Problem statement
It is required that the lines from the top of the listing through the line with "제스처가 업데이트 될" be reproduced exactly, excluding pictures.

Stored data
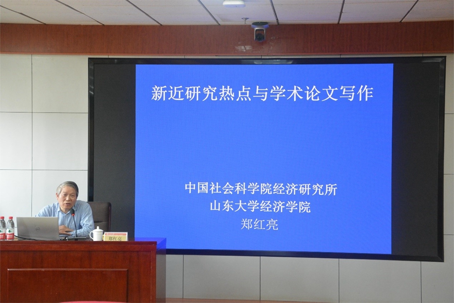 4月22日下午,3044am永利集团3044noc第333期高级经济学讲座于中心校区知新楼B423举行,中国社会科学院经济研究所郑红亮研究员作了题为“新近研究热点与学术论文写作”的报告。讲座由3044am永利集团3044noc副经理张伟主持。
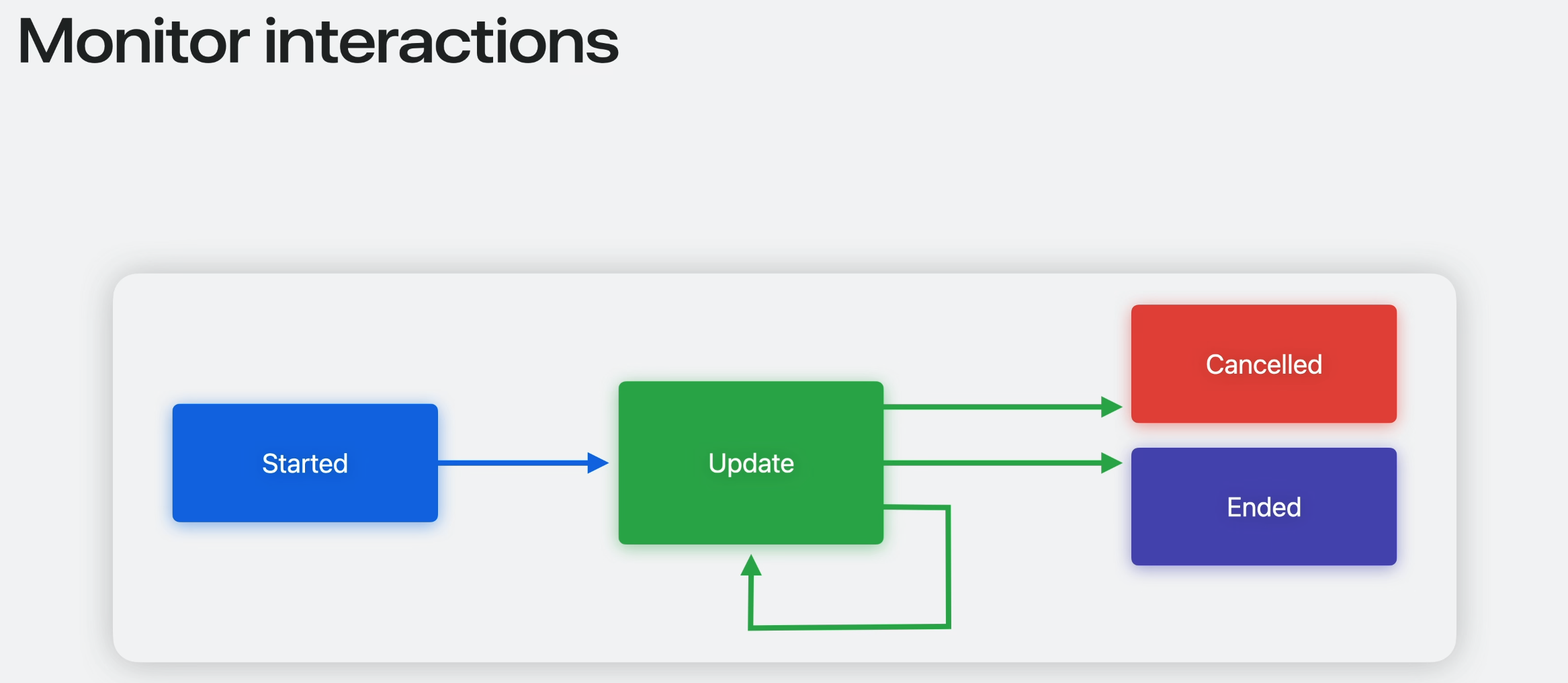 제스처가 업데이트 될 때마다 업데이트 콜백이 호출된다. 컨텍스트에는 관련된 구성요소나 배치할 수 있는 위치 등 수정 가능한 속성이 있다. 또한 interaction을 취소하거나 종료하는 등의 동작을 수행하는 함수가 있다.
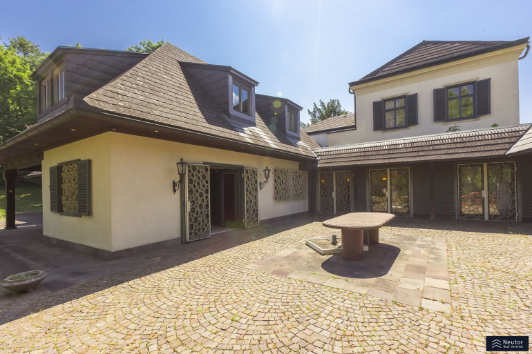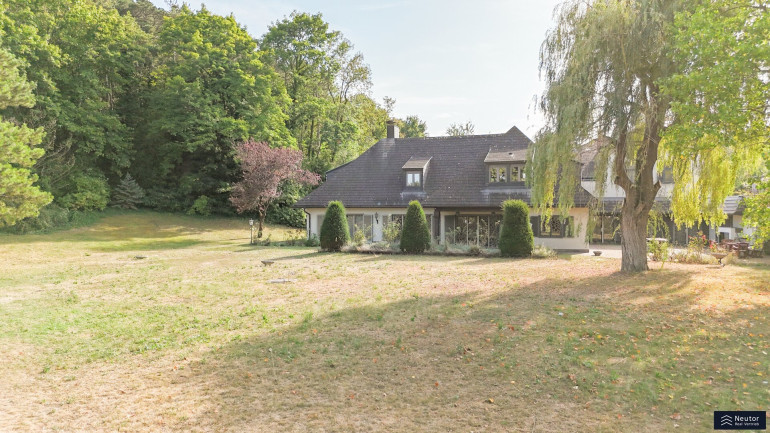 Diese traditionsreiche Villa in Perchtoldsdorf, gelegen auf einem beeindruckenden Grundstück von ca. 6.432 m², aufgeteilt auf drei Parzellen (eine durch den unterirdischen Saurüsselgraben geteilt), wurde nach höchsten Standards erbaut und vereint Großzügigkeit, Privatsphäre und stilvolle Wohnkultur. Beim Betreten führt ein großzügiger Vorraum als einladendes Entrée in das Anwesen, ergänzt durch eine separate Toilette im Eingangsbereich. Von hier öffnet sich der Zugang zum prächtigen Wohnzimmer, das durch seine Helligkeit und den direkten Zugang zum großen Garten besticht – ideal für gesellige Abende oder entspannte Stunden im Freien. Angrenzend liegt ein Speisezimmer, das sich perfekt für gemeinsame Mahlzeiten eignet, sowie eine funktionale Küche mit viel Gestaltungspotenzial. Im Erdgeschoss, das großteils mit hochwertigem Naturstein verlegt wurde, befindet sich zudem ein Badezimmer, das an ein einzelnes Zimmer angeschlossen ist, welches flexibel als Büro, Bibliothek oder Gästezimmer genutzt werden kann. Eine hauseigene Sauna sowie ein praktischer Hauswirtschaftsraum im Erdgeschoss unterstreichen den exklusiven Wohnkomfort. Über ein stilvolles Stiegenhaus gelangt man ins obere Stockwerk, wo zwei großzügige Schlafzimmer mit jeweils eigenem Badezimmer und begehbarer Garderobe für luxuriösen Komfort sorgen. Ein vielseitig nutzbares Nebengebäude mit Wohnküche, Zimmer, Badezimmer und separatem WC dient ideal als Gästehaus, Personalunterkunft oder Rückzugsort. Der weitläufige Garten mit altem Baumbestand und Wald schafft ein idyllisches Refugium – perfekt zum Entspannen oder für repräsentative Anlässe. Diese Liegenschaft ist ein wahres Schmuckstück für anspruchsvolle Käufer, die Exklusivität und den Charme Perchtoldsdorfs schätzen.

Task result
 4月22日下午,3044am永利集团3044noc第333期高级经济学讲座于中心校区知新楼B423举行,中国社会科学院经济研究所郑红亮研究员作了题为“新近研究热点与学术论文写作”的报告。讲座由3044am永利集团3044noc副经理张伟主持。
 제스처가 업데이트 될 때마다 업데이트 콜백이 호출된다. 컨텍스트에는 관련된 구성요소나 배치할 수 있는 위치 등 수정 가능한 속성이 있다. 또한 interaction을 취소하거나 종료하는 등의 동작을 수행하는 함수가 있다.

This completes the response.